The system incorporates two VR-based methods: the DOME-CTT, which uses a large-scale dome-shaped screen for an immersive experience, and the HMD-CTT, which employs a portable head-mounted display. These methods adapt the Color Trails Test (CTT) and Trail Making Test (TMT) for VR environments, assessing sustained and divided attention through tasks that require tracing sequences of numbered targets. The VR versions demonstrated moderate construct validity compared to traditional tests and showed high test-retest reliability and discriminant validity across different age groups.

Results

The VR-based assessments provided insights into cognitive-motor interactions by capturing spatiotemporal characteristics of upper-limb movements. Results indicated that VR completion times were generally longer than those of traditional tests, with performance declining with age.
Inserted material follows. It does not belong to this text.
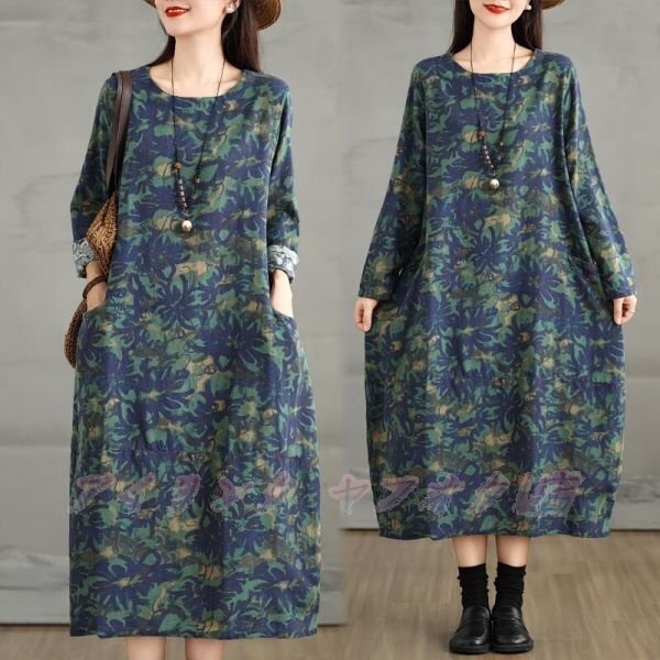 - ☆新品サイズ選択可 ロングワンピース オシャレ 綿麻ワンピース レディース 花柄ワンピース きれいめ ゆったり

The data revealed delayed and erratic hand movements in tasks requiring divided attention, reflecting the greater executive function demands compared to sustained attention tasks. These findings underscore the platform's ability to offer a more nuanced understanding of cognitive processes in ways that traditional methods cannot.

Innovative Approach

The XR platform enhances ecological validity by integrating cognitive-sensory-motor interactions into its assessments, allowing for a more accurate measurement of cognitive functions as they relate to everyday activities. The use of quantitative three-dimensional kinematic data enables precise tracking of motion in space, improving the ability to define and differentiate performance levels. The platform's innovative method introduces new interactions and techniques for assessing cognitive-motor-affect domains in extended reality, offering significant advancements over existing neuropsychological testing methodologies.